Solo un silencio agobiante, enfermizo, como una pesada manta transparente que intenta
envolverme, entrar en mi cabeza y volverme loco. Solo un silencio que no creía posible
encontrar en ningún lugar.
Mi cabeza funciona pero mi cuerpo aún no. No puedo abrir los ojos, no puedo moverme,
apenas puedo respirar este frío aire, húmedo y silencioso. Mi espíritu de supervivencia me
obliga a no intentar moverme hasta tener alguna garantía de seguridad. Espero.
Comienzo a recuperar la sensación táctil en mi cuerpo abotargado. Estoy tendido sobre
una fría superficie plana y dura, parece que aún conservo mi uniforme de trabajo y mi
brazalete de comunicaciones.
Recuerdo mi último retazo de consciencia, me dirigía a la cantina con mi compañero.
Habíamos terminado nuestro turno de vigilancia en la sala de control de los muelles de
atraque secundarios. Ese había sido mi puesto en el crucero espacial durante los últimos
meses.
Andábamos por uno de los amplios pasillos principales hacia la cantina, a tomar un
merecido bocado, entre risas y comentarios de otros compañeros de la tripulación. Aún con
el uniforme de trabajo, el traje de seguridad perimetral obligatorio, ya que una membrana de
seguridad era lo único que separaba nuestro puesto de trabajo del exterior.

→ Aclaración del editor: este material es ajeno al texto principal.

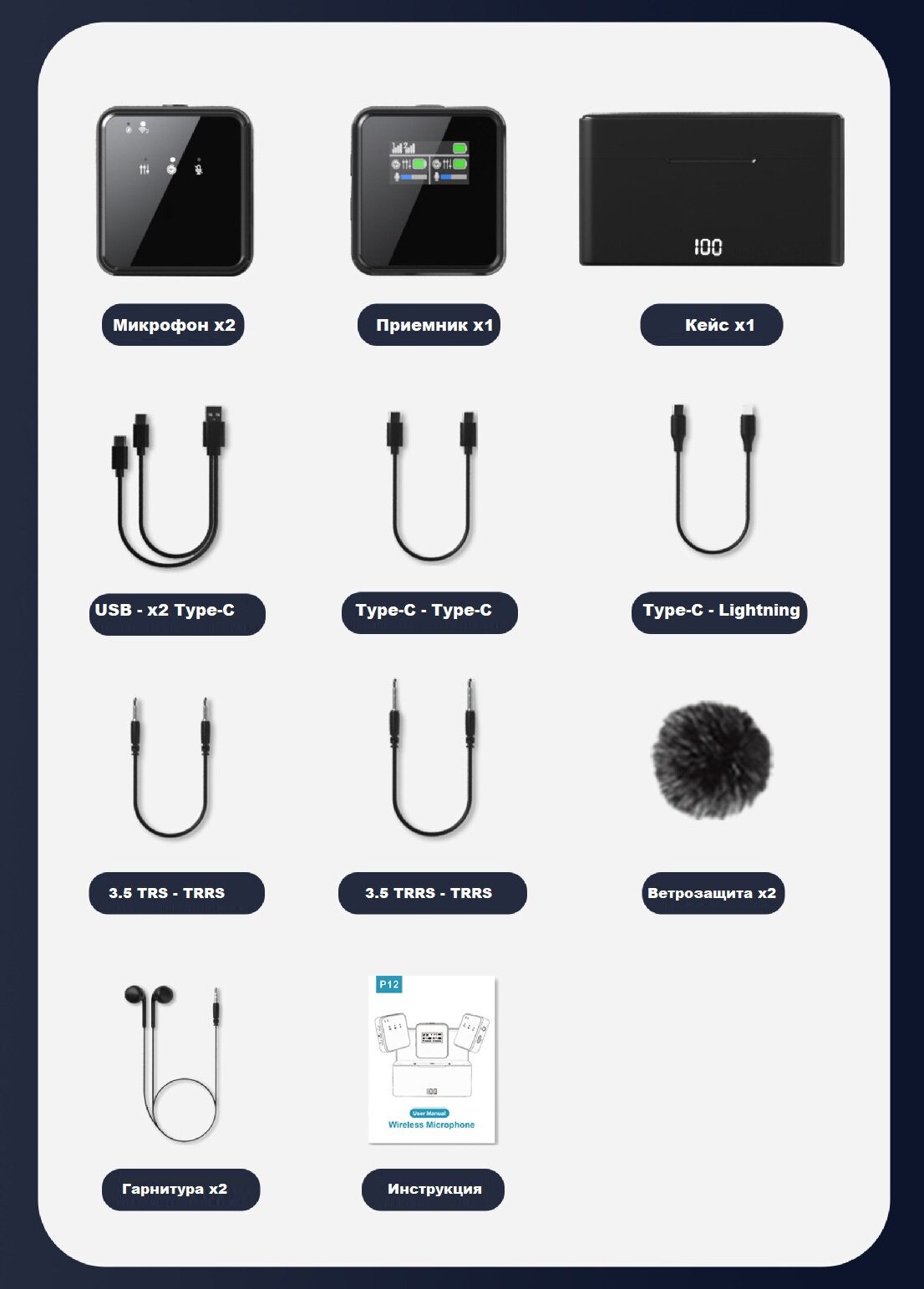 | Подробная комплектация | Кейс зарядки, 2 микрофона, 1 приемник, Кабель USB - 2 Type-C, Кабель 3.5 TRRS - 3.5мм TRS, Кабель 3.5 TRRS - 3.5мм TRRS,Кабель Type-C - Type-C, Кабель Type-C - Lightning, Проводная гарнитура x2, Ветрозащита х2, Инструкция(на английском) |

Ahora recuerdo un momento de incertidumbre, una extraña sensación de milésimas de
segundo. Como si el tiempo se hubiera detenido y las formas y contornos de la gente
alrededor se difuminaran y se fundieran con el fondo…
Después de eso: nada. El silencio abrumador de esta habitación, los intentos de recuperar
mi movilidad y la ansiosa necesidad de descubrir qué ha pasado.

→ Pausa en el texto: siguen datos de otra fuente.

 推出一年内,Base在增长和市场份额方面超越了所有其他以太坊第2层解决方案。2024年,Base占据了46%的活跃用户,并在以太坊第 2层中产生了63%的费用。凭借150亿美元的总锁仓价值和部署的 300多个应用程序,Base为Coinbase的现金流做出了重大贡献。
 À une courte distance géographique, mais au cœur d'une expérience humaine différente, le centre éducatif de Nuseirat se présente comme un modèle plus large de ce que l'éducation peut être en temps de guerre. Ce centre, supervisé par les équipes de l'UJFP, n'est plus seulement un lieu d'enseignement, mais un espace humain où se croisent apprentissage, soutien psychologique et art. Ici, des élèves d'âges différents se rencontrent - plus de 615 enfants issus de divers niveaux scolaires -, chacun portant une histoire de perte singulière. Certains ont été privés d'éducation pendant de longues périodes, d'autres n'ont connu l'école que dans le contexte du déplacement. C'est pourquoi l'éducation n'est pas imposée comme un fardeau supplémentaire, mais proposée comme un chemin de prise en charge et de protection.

Intento forzar mi oído, concentrarme en el silencio, buscando alguna pista antes de
conseguir abrir los ojos y enfrentarme a la situación. Nada. Contengo la respiración, intento
no contaminar el silencio reinante con algún roce de mi cuerpo.
Libre de esa carga, el silencio se vuelve más espeso todavía. Lo imagino acercándose a mí
para envolverme, cada vez más fuerte, más poderoso, extendiéndose sobre mi cuerpo para
sumergirme en un sueño infinito. No puedo contener la necesidad de reanudar mi
respiración para poder escuchar algo y no volverme loco.
Parece que puedo abrir mis ojos. Levemente una línea de luz azul plateada atraviesa mis
párpados entreabiertos. La luz es débil, el entorno en penumbra me permite fijarme en los
elevados techos del lugar en que me encuentro.
Me decido a abrir los ojos completamente y echar un vistazo. Aún inmóvil sobre mi frío
lecho, descubro una estrecha habitación, altas paredes de un material poroso y oscuro de
color azul con vetas marrones y negras. Los elevados techos abovedados, en penumbra, se
abren al final de la sala para dar paso a un enorme ventanal, que invade parte del techo y
desciende hasta el suelo mostrando el espacio exterior.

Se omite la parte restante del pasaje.